# Cattle Pregnancy Test Kit - BOVIPREG



## Tim Pruitt (Oct 26, 2007)

Dear Sir/Madam,

Accurate diagnosis of pregnancy is important to maintain better reproductive management of cattle and high profitability of dairy/beef farms. Early detection of pregnancy is always desirable for the farmer, so that she can be rebred without any delay. It is most beneficial if non-pregnancy can be detected before the first heat after insemination. There are some conventional method which detect pregnancy accurately but it can only be performed after 35-45 days post insemination so farmer will lose atleast one opportunity to inseminate their animal.
Just pour 3 drops of MILK sample on the attractive Cassette and you will get result within 5 minutes.

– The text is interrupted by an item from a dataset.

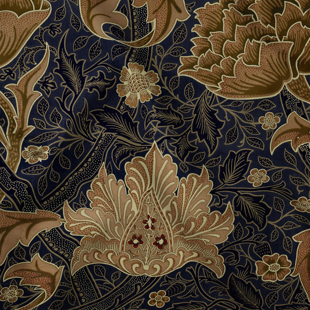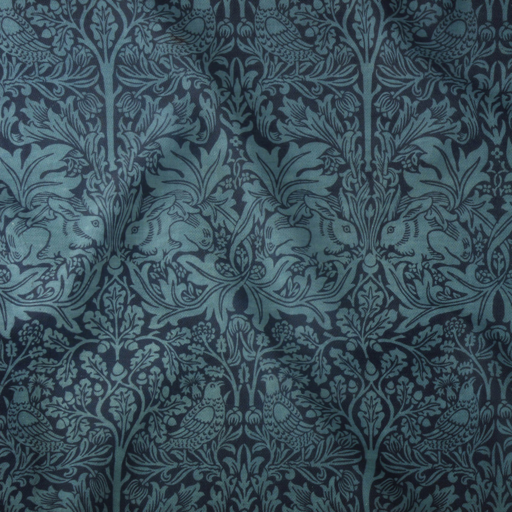 Morris conceived his passion for medieval textiles and decoration during his childhood. Designed specifically to utilize the indigo discharge method of printing, the authentic blue of this plant dye only emerges after three days, when it is lifted from the vat.

An innovative and proven tested Rapid Cow Pregnancy Test Kit BOVIPREG introduced with the following advantages. 
Test evaluate early pregnancy any time after 18th day post insemination
This test require MILK to detect pregnancy both for dairy and beef cattle
Recommend 5 test for animal where we do not have enough knowledge of their insemination date after 23rd day post insemination, the test should continue for 5 consecutive days and one negative result confirm that the animal is OPEN (negative pregnancy).
To detect Early Pregnancy perform only one test between 20-23rd days post insemination.
Test require only 3 drops of milk,
Quicker in result you will get the result within 5 minutes.
Kit can be stored in room temperature and easy to transportation and does not require refrigeration.
It is a Cow-side test, and you will get the result right in your barn, does not require to dispatch the samples to a laboratory for test result.
Positive accuracy is 96.8% and negative pregnancy is 97.9% accurate.
For more information please visit our website www.twilcanada.com
With best regards

Jay
_______________________________________________________________ 
From: Tim Pruitt [mailto:[email protected]] 
Sent: June-21-11 8:06 AM
To: jay
Subject: Re: Cattle Pregnancy Test Kit - BOVIPREG

Hi Jay,
Will this test also work on dairy goats?

Tim

_______________________________________________________________________

Hi Tim,

We thank you very much for the interest shown to our product "Bovipreg'.
Yes this is also ideal test to detect pregnancy/non-pregnancy in dairy goat and ewe, because this test evaluate progesterone hormone in MILK/Blood Serum/Urine.
If you like to early pregnancy then test it between 18-22nd days after insemination, and if you don't know the insemination date then test the animal consecutive 5 days with this test kit. One negative test result during these test reveal the animal is non-pregnant otherwise pregnancy will be establish.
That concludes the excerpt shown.